McGlinchey was born in New York City. His family moved to Ireland in December 1998, where they stayed for two years before moving back to the United States.

Eventually, they returned to Ireland in 2013, and McGlinchey went to high school there. He moved to Clifton Park, where his mother grew up, in March 2017 to visit friends and to work on getting his GED.

An outgoing child, McGlinchey was called "Lovable Liam" by family members, Ruth Savastio, 93, said. Her grandson was very smart and well-spoken from the time he was a child, she said, recalling one incident during which a 3-year-old McGlinchey was drawing on the wall with a crayon, and she took the crayon away from him.

"Grandma, that's inappropriate!" McGlinchey said.

After overcoming her shock at the small child in front of her who knew how to speak like an adult, she said, "No, Liam, what you're doing is inappropriate!"

More recently, during the brief time in which McGlinchey lived with her, he was working at a local Hannaford store. Ruth Savastio bought her grandson a bicycle to help him get around.

When he received his first paycheck, McGlinchey handed her the entire thing and gave her a hug to repay her for the bicycle.

"He was a rare person," she said.

The GED was McGlinchey's first step in following his dream of becoming a screenwriter, his mother said. With a talent for telling engaging stories that made people laugh, his goal, she said, was to leave a mark on the world that would make people remember his name, like his hero David Foster Wallace. He wanted to learn and he wanted to teach people.

"He wanted to make people think," Helen Savastio said. "He was very wordy from an early age. He was so unique. He read books that people my age wouldn’t be bothered to read."

"He was fascinated with the pyramids and was a real history buff," she added. "He was at my brother’s house a couple of days before he died and was talking to a friend of my brother who was a history teacher and he was blown away by not only his knowledge, but his ability to hold a conversation with someone who was in his 50s."

History wasn't his only passion though. He loved Batman, Spider-Man, Pokemon and Star Wars. His favorite music included David Bowie, Radiohead, The Flaming Lips and Neutral Milk Hotel, and his family sang the hit single from that band, "In the Aeroplane Over the Sea," at his funeral.

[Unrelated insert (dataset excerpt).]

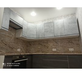Размер кухни: ширина 1800 мм, высота 2100 мм (Складывается из высоты нижних, верхних модулей и высоты стандартного фартука 600 мм), глубина по столешнице 600 мм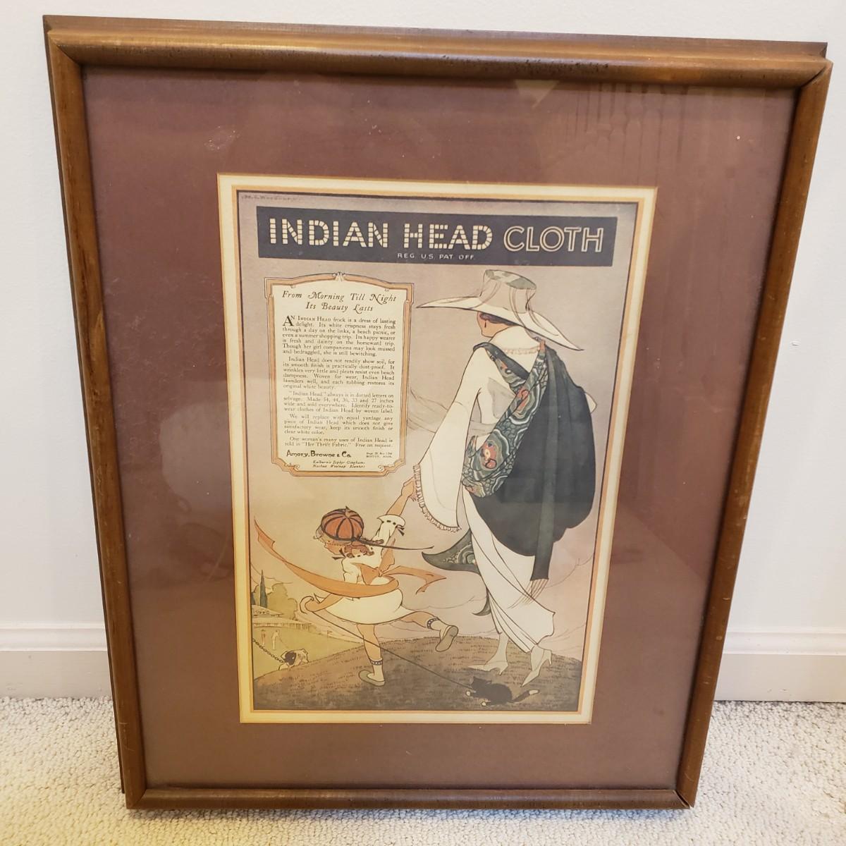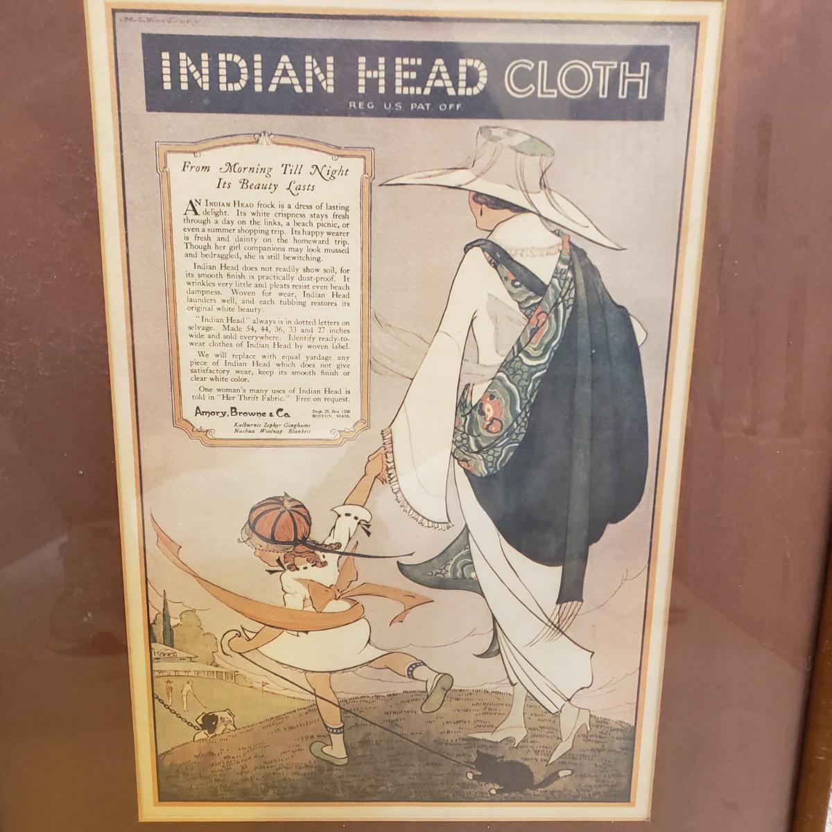 LOT 160M: Indian Head Cloth Framed Advertisement Print by Marjory C. Woodbury

He also liked the hit HBO series "Game of Thrones," and one way that Helen Savastio's son continues to influence her everyday life almost two years later is the sense of sadness she feels when she remembers that he will miss the final season of the show, set to return in April.

Other members of McGlinchey's family, including his sister, Charlotte, are urging people to approach those who need help with kindness. She acknowledged that, while one should take personal responsibility for his or her own actions, oftentimes making the decision to help someone if there is a chance to do so can be the deciding factor in whether a situation becomes deadly.

"Let our grief be your lesson and wake-up call," Charlotte said. "Justice won't bring Liam back, but if awareness of his situation can save someone else's life, then that is all I can really hope for."

One thing Helen Savastio does know about the night she lost her son is that he was out celebrating because he had successfully obtained his GED. The trial over her son's death will begin on July 29, she said, and she will travel back to the U.S. for it.

For now, she's going to get through the painful months of waiting for the trial by remembering happy times with her son.

"I remember when Liam and I were driving, Liam yelled to stop and he jumped over a fence to put a sheep that was on its back onto its feet because it would have died if it had stayed on its back," Helen Savastio said. " Also, when we were alone in the car we would just throw words at each other that we liked the sound of. He really was just a sweet kid who wanted to make people laugh and to make them happy."